### Exercise brief
Transcribe, word for word, all of the entries below, and exclude any pictures from the copy.

### Given records

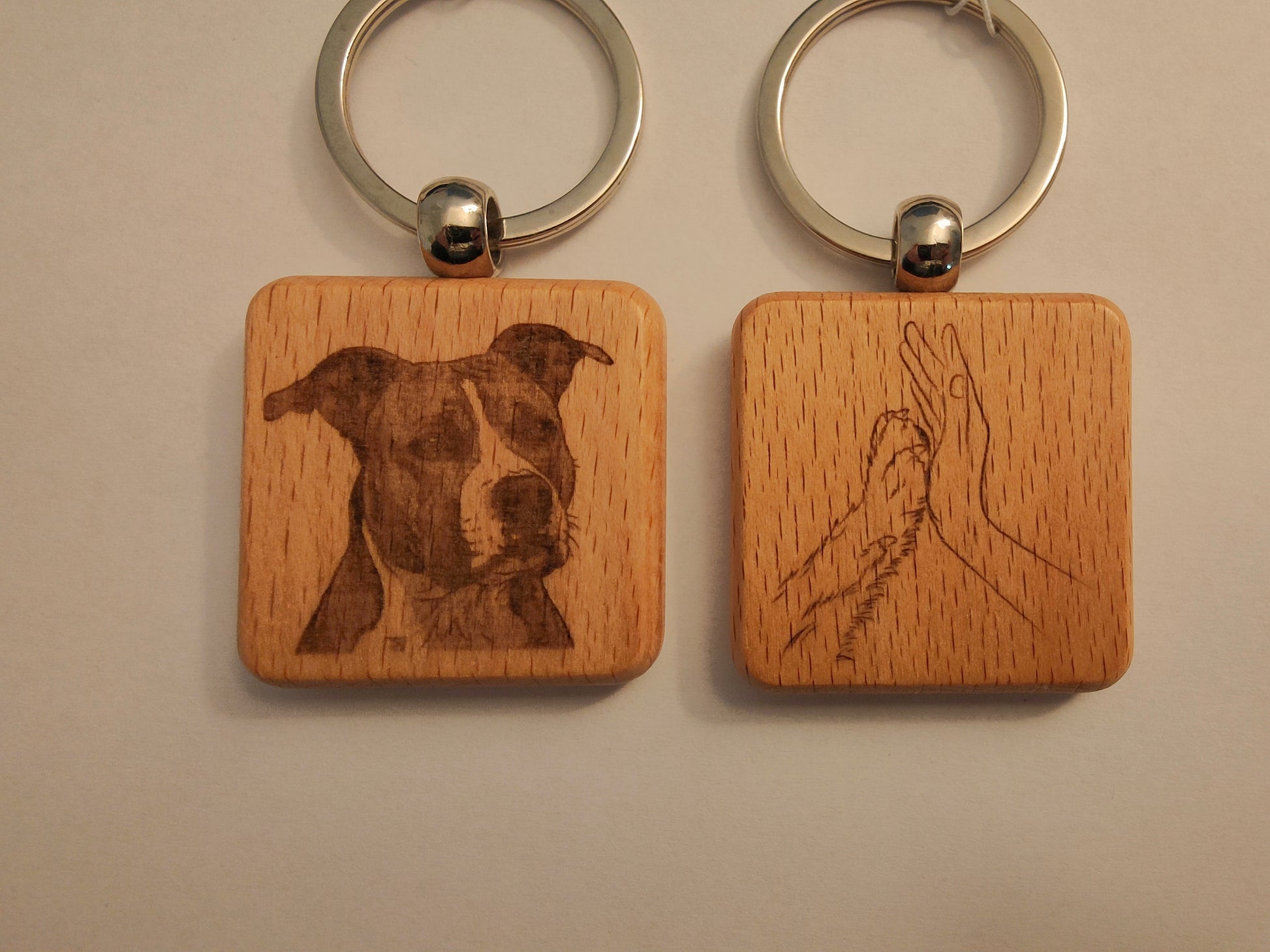 Porte-clés en bois gravé – Chiens
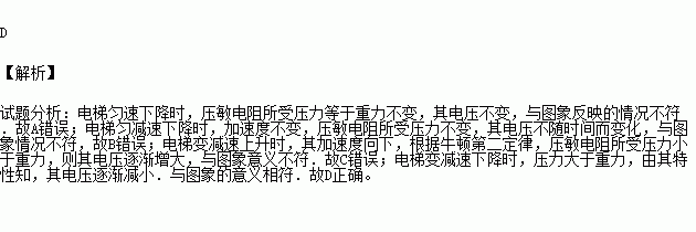 压敏电阻的阻值R随所受压力的增大而减小,某兴趣小组利用压敏电阻设计了判断电梯运动状态的装置,其装置示意图如图甲所示.将压敏电阻平放在电梯内,受压面朝上,在上面放一物体A,电梯静止时电压表示数为Uo,电梯在某次运动过程中,电压表的示数变化情况如图乙所示,下列判断中正确的是
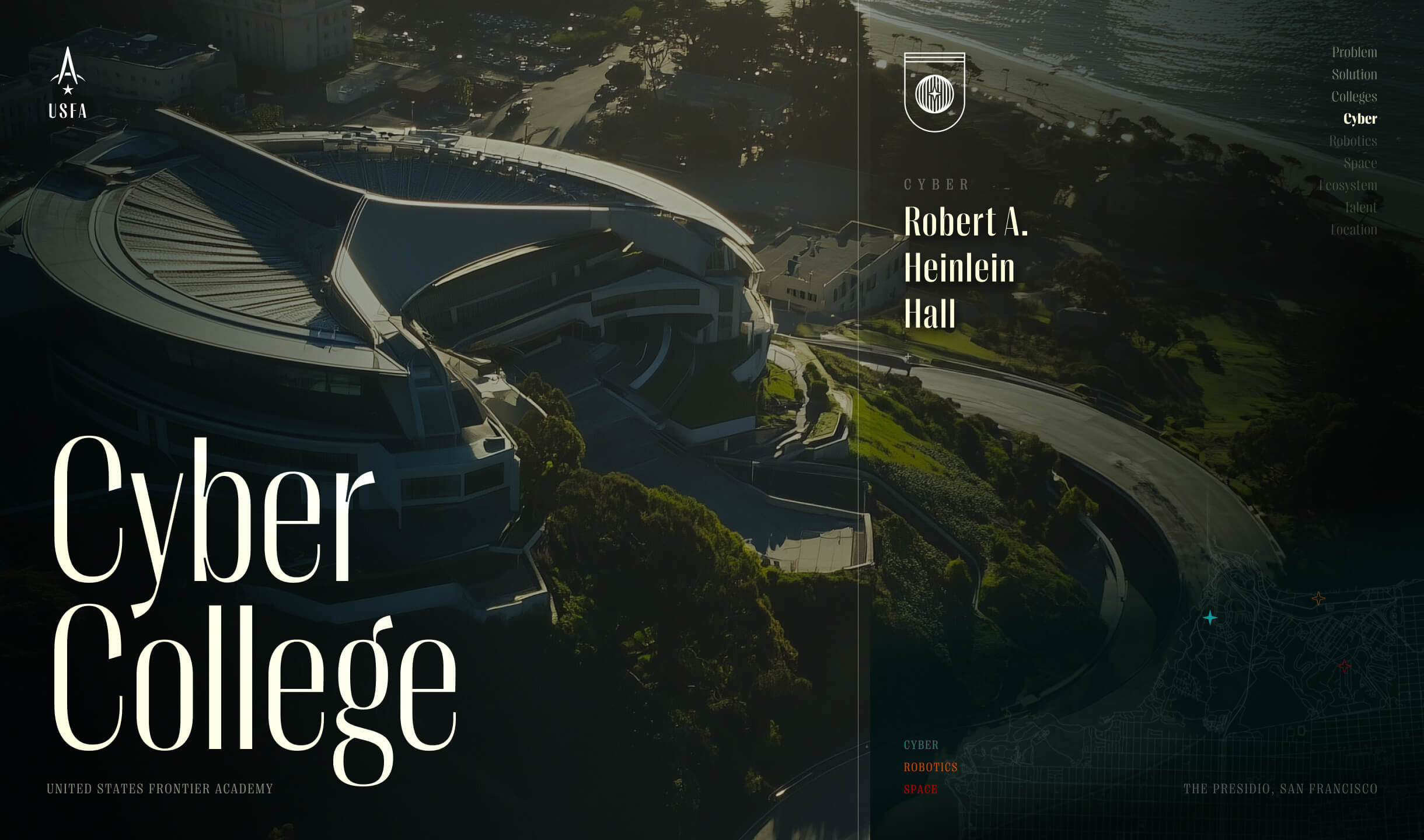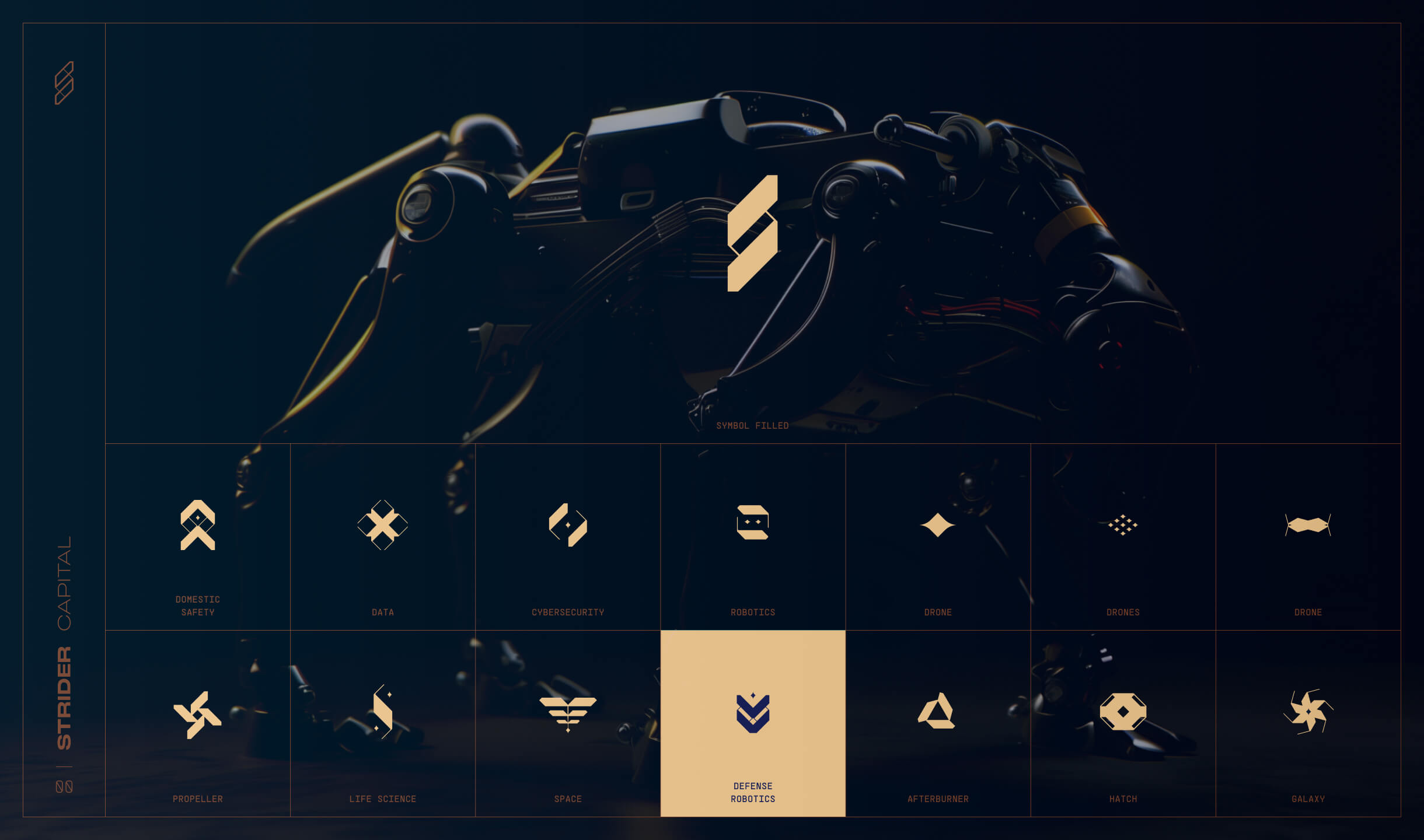 Corporate identity synthesizing finance, defense, cyber, robotics, space, and science fiction.
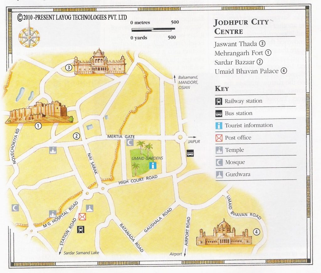 El sorprendente color azul de las fachadas de sus edificios se extiende a los pies de la fortaleza de Mehrangarh, dando paso a una estampa atrayente como pocas. Aunque en un primer momento se trataba de viviendas ocupadas por brahmanes, se acabó adoptando esta tonalidad que, según se dice, asusta a los mosquitos y protege del calor. Por este motivo se conoce con el apodo de la «ciudad azul». Las mejores vistas se obtienen, por supuesto, de la parte alta del fuerte, que permite observar los alrededores y distinguir hasta donde abarca la parte antigua de la ciudad.
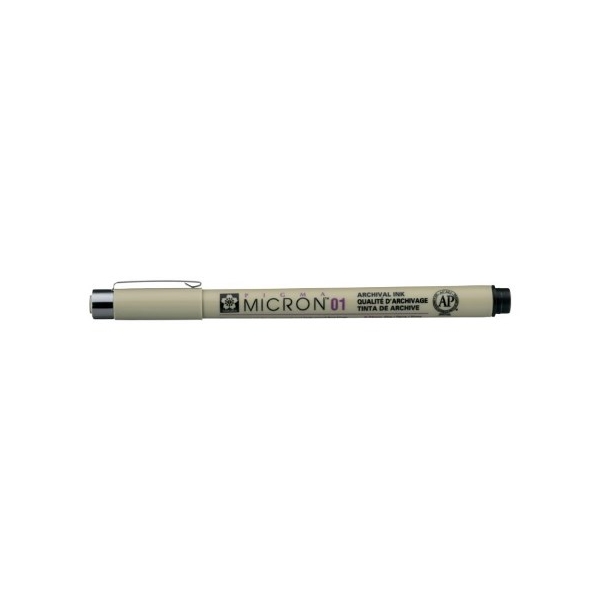 Το pigma Micron 01 Black με μύτη 0,25 mm,προσφέρει σταθερή γραμμή, καθώς και υπέροχη μεταφορά χρώματος. Το μοναδικό μελάνι sakura pigma ™ είναι μόνιμο, αδιάβροχο, ανθεκτικό στο ξεθώριασμα, στεγνώνει γρήγορα και έχει ουδέτερο pH. Ιδανικό για: Καθημερινή γραφή, Καλλιγραφία, Bullet journal, Sketching, Comic drawing, Scrapbooking. Κατάλληλο για γραφή σε πορώδη επιφάνεια, για χρήση σε ριζόχαρτο και διαφάνεια. Τα Pigma micron διατίθενται σε διάφορα μεγέθη.
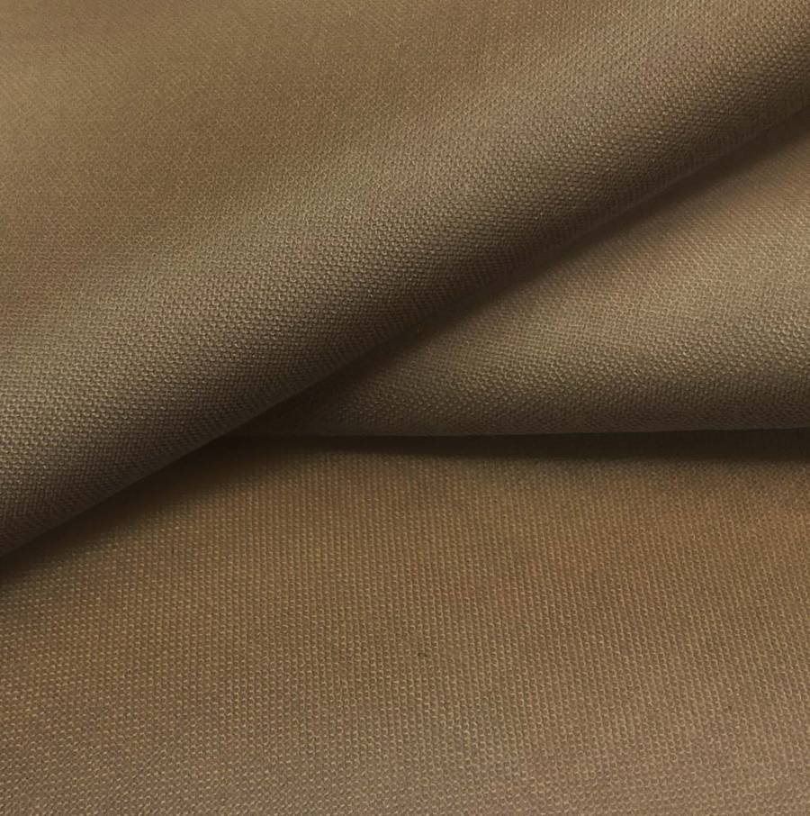 La tela base de esta descripción es el Voile Ligero - Kyoto, de composición 100% poliéster, con un color liso impreso de tono marrón oscuro bronceado. El CMYK de este color es 42 53 74 49. Este color secundario simboliza elegancia y sofisticación, combina perfectamente con tonos neutros como el blanco, beige y gris.

### Completed task
 Porte-clés en bois gravé – Chiens
 压敏电阻的阻值R随所受压力的增大而减小,某兴趣小组利用压敏电阻设计了判断电梯运动状态的装置,其装置示意图如图甲所示.将压敏电阻平放在电梯内,受压面朝上,在上面放一物体A,电梯静止时电压表示数为Uo,电梯在某次运动过程中,电压表的示数变化情况如图乙所示,下列判断中正确的是
 Corporate identity synthesizing finance, defense, cyber, robotics, space, and science fiction.
 El sorprendente color azul de las fachadas de sus edificios se extiende a los pies de la fortaleza de Mehrangarh, dando paso a una estampa atrayente como pocas. Aunque en un primer momento se trataba de viviendas ocupadas por brahmanes, se acabó adoptando esta tonalidad que, según se dice, asusta a los mosquitos y protege del calor. Por este motivo se conoce con el apodo de la «ciudad azul». Las mejores vistas se obtienen, por supuesto, de la parte alta del fuerte, que permite observar los alrededores y distinguir hasta donde abarca la parte antigua de la ciudad.
 Το pigma Micron 01 Black με μύτη 0,25 mm,προσφέρει σταθερή γραμμή, καθώς και υπέροχη μεταφορά χρώματος. Το μοναδικό μελάνι sakura pigma ™ είναι μόνιμο, αδιάβροχο, ανθεκτικό στο ξεθώριασμα, στεγνώνει γρήγορα και έχει ουδέτερο pH. Ιδανικό για: Καθημερινή γραφή, Καλλιγραφία, Bullet journal, Sketching, Comic drawing, Scrapbooking. Κατάλληλο για γραφή σε πορώδη επιφάνεια, για χρήση σε ριζόχαρτο και διαφάνεια. Τα Pigma micron διατίθενται σε διάφορα μεγέθη.
 La tela base de esta descripción es el Voile Ligero - Kyoto, de composición 100% poliéster, con un color liso impreso de tono marrón oscuro bronceado. El CMYK de este color es 42 53 74 49. Este color secundario simboliza elegancia y sofisticación, combina perfectamente con tonos neutros como el blanco, beige y gris.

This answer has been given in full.